An Australian Miniature Goat is considered to be; an Australian bred animal, not exceeding 53.3cm (21") in height (ideally), that meets the breed standard requirements and has at least 5 generations of "miniature" breeding behind it. Such an animal would qualify as a Herd book purebred having two parents that would qualify for purebred status. An animal meeting all the requirements is technically an Australian Miniature Goat (as described in MGBA Rules) regardless of its registration status.

Many long standing, MGBA Breeders have been producing quality animals that are meeting the requirements of each new generation. Occasionally an animal will grow taller than expected, but this is to be expected at such an early stage in the Breeds development, especially when larger animals are being used to bring in the required types and when using animals with unknown backgrounds. Creation of the Australian Miniature Goat using MGBA standards is obtainable.
Standards were created and modified with the help of many reputable Foundation Breeders to promote the development of the Breed. The aim was to create standards that any knowledgeable person could easily follow, using animals that were not unobtainable and to develop a Grading system similar to other accepted livestock grading up systems, that would continually support a breeding program in which each new generation would meet the steadily reducing height requirements.
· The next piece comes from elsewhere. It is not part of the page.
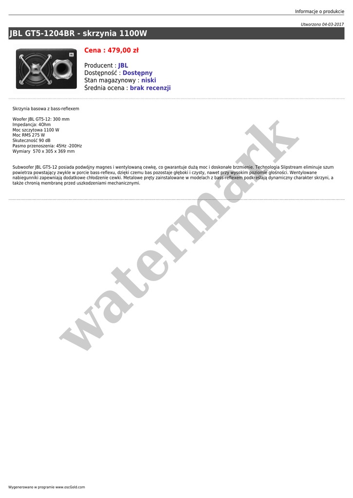 Informacje o produkcie Utworzono 04-03-2017 JBL GT5-1204BR - skrzynia 1100W Cena : 479,00 zł Producent : JBL Dostępność : Dostępny Stan magazynowy : niski Średnia ocena : brak recenzji Woofer JBL GT5-12: 300 mm Impedancja: 4Ohm Moc szczytowa 1100 W Moc RMS 275 W Skuteczność 90 dB Pasmo przenoszenia: 45Hz -200Hz Wymiary 570 x 305 x 369 mm er m ar k Skrzynia basowa z bass-reflexem w at Subwoofer JBL GT5-12 posiada podwójny magnes i wentylowaną cewkę, co gwarantuje dużą moc i doskonałe brzmienie. Technologia Slipstream eliminuje szum powietrza powstający zwykle w porcie bass-reflexu, dzięki czemu bas pozostaje głęboki i czysty, nawet przy wysokim poziomie głośności. Wentylowane nabiegunniki zapewniają dodatkowe chłodzenie cewki. Metalowe pręty zainstalowane w modelach z bass-reflexem podkreślają dynamiczny charakter skrzyni, a także chronią membranę przed uszkodzeniami mechanicznymi. Wygenerowano w programie www.oscGold.com

Well they rewcognise five diff breeds if you want more info go to the MGBR Website (link up top)
1. Elf-Short Ears









2.Pixie-Upright Ear









3.Munchkin-Folded Ear









4.Nuwby-Pendulous ears









5.Sheltie-Hair Breed


----------



## AlaskaBoers (May 7, 2008)

thats so neat! they all look so different from each other. the all white with munchkin ears looks EXACTLY like one of my does, Zephyr.


----------



## toth boer goats (Jul 20, 2008)

now those are really cute.................


----------



## heavenlyhaven (Apr 17, 2008)

your nuwby's are like our nubians
but i must say
I WANT A MUNCHKIN


----------



## PiccoloGoat (Sep 10, 2008)

lol the Nuwby and Pixie are my faves :drool:


----------



## rebelshope (Sep 21, 2008)

Oh my gosh. . . how cute! I'll take a couple Shelties!


----------



## sweetgoats (Oct 18, 2007)

I SOOOO would take some of the Shelties also. They are Beautiful. PLEASE, PLEASE, PLEASE can I have one?????


----------



## Di (Jan 29, 2008)

So, are they all about the same size? Is the ear the only distinguishing feature? (Except for the Sheltie of course). Any color OK? About how much do they cost? (Unsure about the "exchange rate" between Aussy/USA money so that may be hard to compare, I guess). Are they "milk" type goats or "meat" type goats? Just curious, thanks for the pics, they are very cute!


----------



## kelebek (Oct 5, 2007)

k Pic - here's the deal - 

You come to my house when you all take your trip - and in exchange you bring me one of those munchkin eared goaties!!!! I LOVE their ears!! They are so darn cute! Better yet, a breeding pair! Woo Hoo! :drool: :drool: :drool:


----------



## liz (Oct 5, 2007)

I'd say I'm tossed between the pixies and the the nuwby's!! Really cute "mini's"


----------



## PiccoloGoat (Sep 10, 2008)

Di, if you check out the the website it has details about them
Yes the breeds are based of ear shape except for sheltie
THey are very new (last 10 years) so sometime they exceed 53.3cm (21”) in height (ideal height).
I dont think they are used to meat yet as they are new and breeders are focused on the developement of the breed.
You could probably milk them if you wanted :shrug: 
And yes they come in any colour/colour combination.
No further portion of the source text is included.